Single by Coil

from the album Scatology
- A-side: "Aqua Regis"; "Panic";
- B-side: "Tainted Love"
- Released: 1985
- Genre: Industrial
- Label: Some Bizzare
- Producers: Coil; JG Thirlwell;

Coil singles chronology
|  | "Panic / Tainted Love" (1985) | "The Anal Staircase" (1987) |

Music video
- "Tainted Love" on YouTube

= Panic/Tainted Love =

"Panic" and "Tainted Love" are songs recorded by British experimental music band Coil. These were released in 1985 through Some Bizzare in the UK and Wax Trax! Records in the US respectively, as the band's first single, (Note: Some sources referred to it as a single, while others call it an extended play.) and the sole one from their 1984 debut studio album, Scatology. Originally released on twelve-inch vinyl discs, the single was regarded as the first AIDS benefit release, and has been reissued several times on compact discs.

"Panic", co-written and co-produced by the band with JG Thirlwell, is the second track on Scatology, and explores the theme of an initiatory approach to experience, as well as the using of fear; its remixed version is featured on the single's A-side. (Note: Depending on what considered the A-side, different sources refer to the release as either "Panic" or "Tainted Love".) "Tainted Love", originally written by Ed Cobb and popularly known after its recording by new wave duo Soft Cell, was included as the B-side, having been drastically re-arranged to reflect HIV/AIDS epidemic, emerged in the early 1980s. The music video for "Tainted Love", directed by the band's member Peter Christopherson and featuring Marc Almond, has caused a minor controversy during its release, and has been purchased by the Museum of Modern Art.

Professional ratings
Review scores
| Source | Rating |
| AllMusic | Star Half star |

== Themes and composition ==
=== "Panic" ===
"Panic" was written by John Balance, Peter Christopherson, and J. G. Thirlwell. It is four minutes and twenty-one seconds long, and is the second track on both vinyl and compact disc versions of Scatology. Musically, the song contains use of guitar feedback, rhythmic drum machine parts and Balance's "feral" vocal styling. The song ends with a vocal outro chanting, "The only thing to fear is fear itself". (Note: In the liner notes of Unnatural History III Balance admitted that "these days" (in times of the aforementioned compilation release), he was "scared of everything", commenting the last line of the song (Coil 1997).)

The liner notes of Scatology feature an extended commentary on the song, allegedly written by John Balance.
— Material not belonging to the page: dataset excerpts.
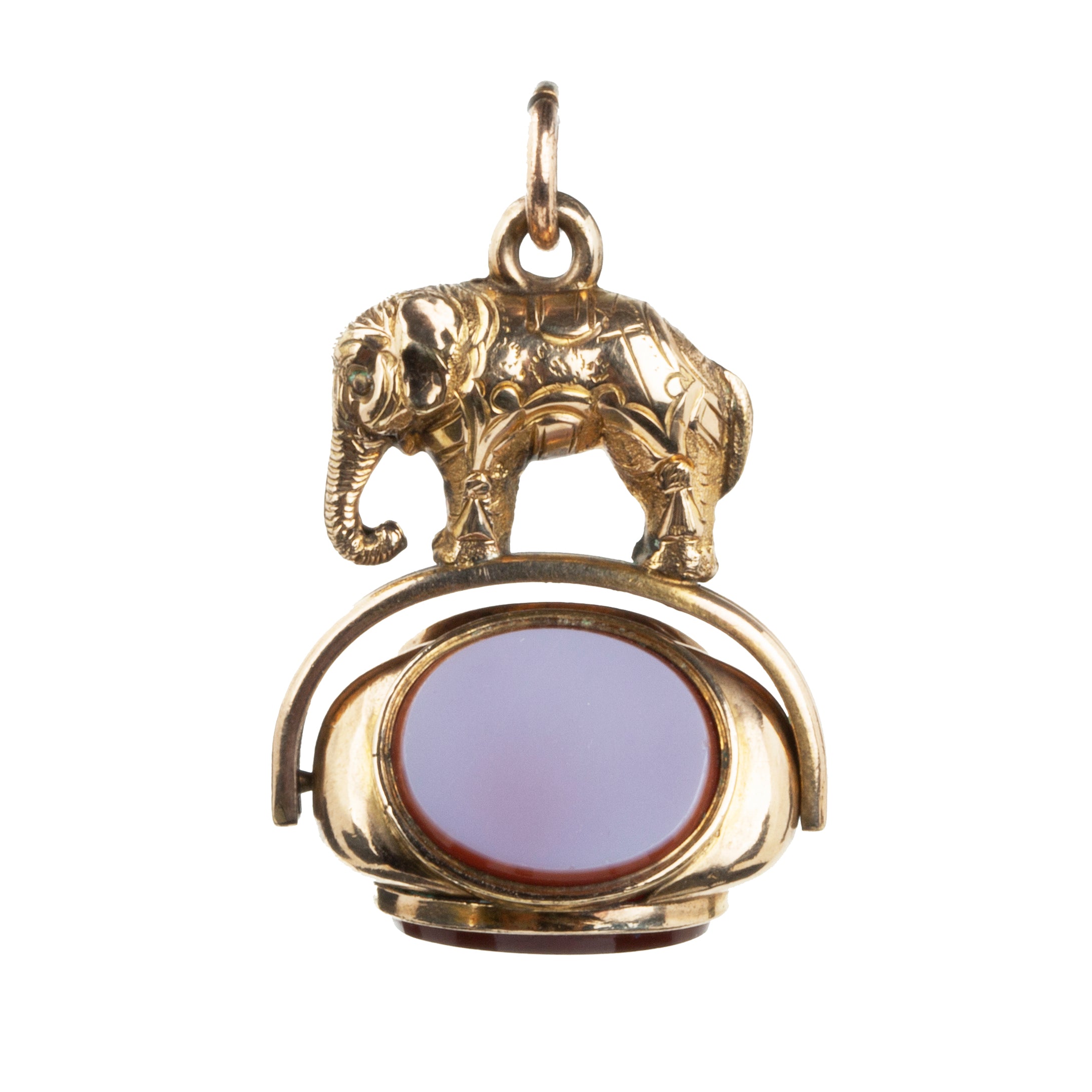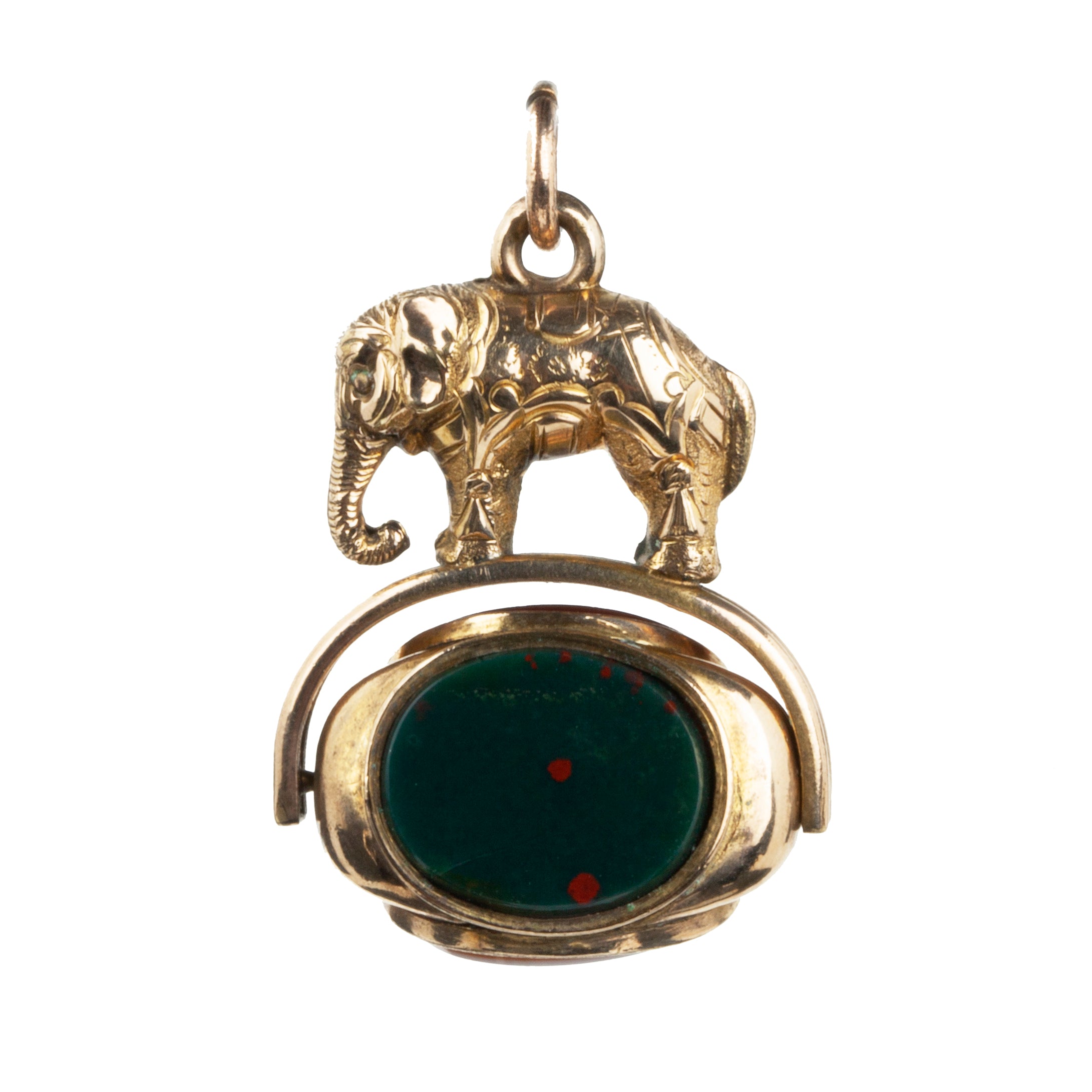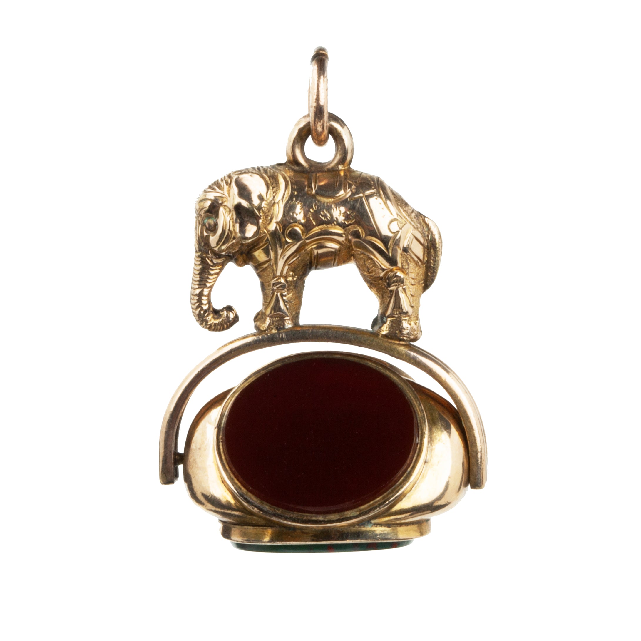 Victorian era spinning multi-stone and Elephant watch fob, in 9k gold. The three-sided spinning fob features, agate, bloodstone, and carnelian. English in origin. Circa 1880.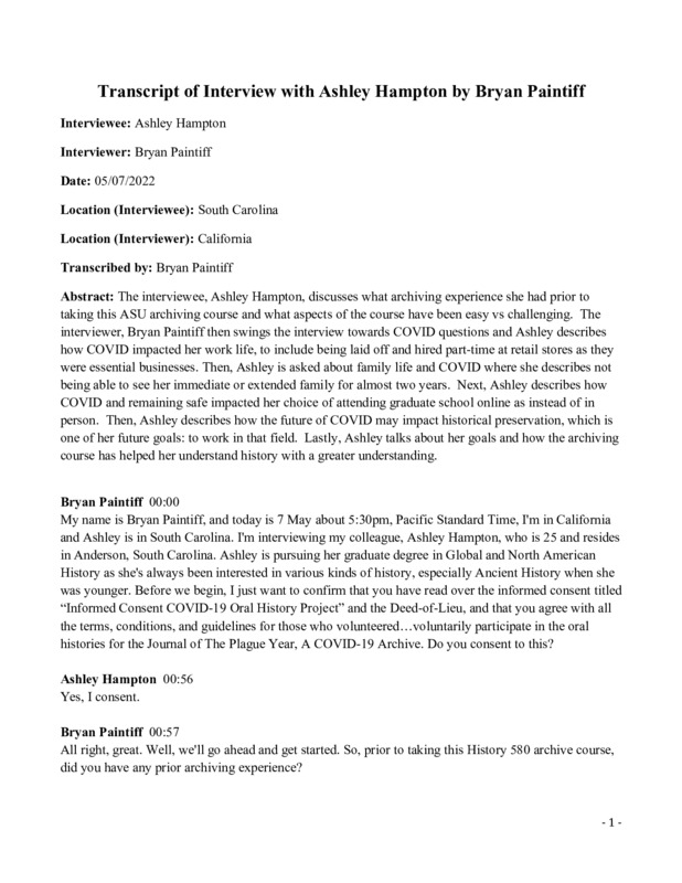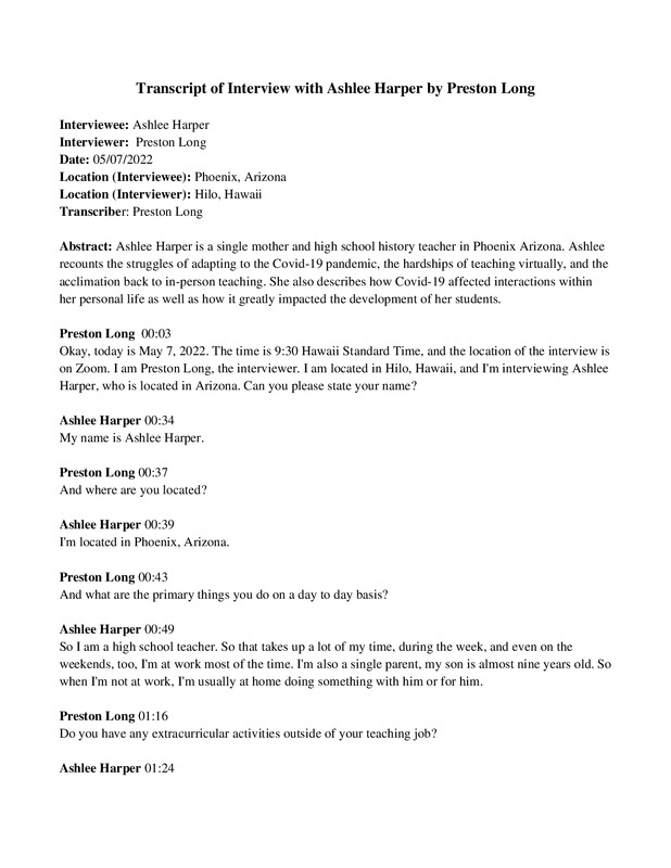 Ashlee Harper is a single mother and high school history teacher in Phoenix Arizona. Ashlee recounts the struggles of adapting to the Covid-19 pandemic, the hardships of teaching virtually, and the acclimation back to in-person teaching. She also describes how Covid-19 affected interactions within her personal life as well as how it greatly impacted the development of her students.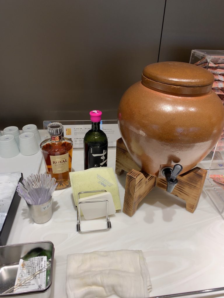 伊丹空港ANAラウンジは他の空港の国内線ラウンジと同様フードの提供はあられ程度となっていますが、アルコールを含むドリンクが提供されています。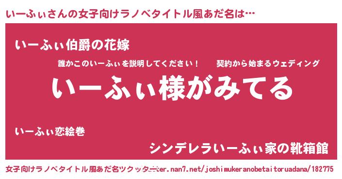| 男性向けラノベタイトル風あだ名 | 『いーふぃの嫁は女の子じゃないと思った?』 |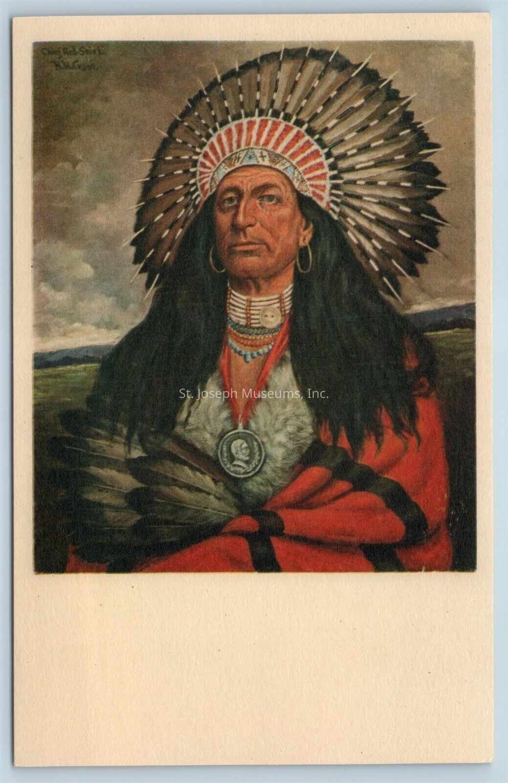 The Indians of North America series PO Dolls series No 5. Oglala Sioux warriors red shirt died in 1888 from painting by H.H. Cross saroff doll collection

According to Balance, "Panic" is intended to be "about the deliberate nurture of states of mind usually regarded as dangerous and insane," and is also about "using a fear as a key [...] to crystallize and inspire." Balance also writes about a so-called "murder in reverse" that means "performing [...] psychic surgery - in order to restore the whole being." Liner notes for the single feature the similar text, and so does A Coil Magazine which was published in 1987. A Coil Magazine editors John Sanders and Mike Gaffney interpreted the song's lyrics as a hymn to Pan as an incarnate of liberating aspect of chaos. David Keenan gives a same statement, adding that the song deals with theme of initiatory approach to experience which was concurrent theme throughout later Coil's work.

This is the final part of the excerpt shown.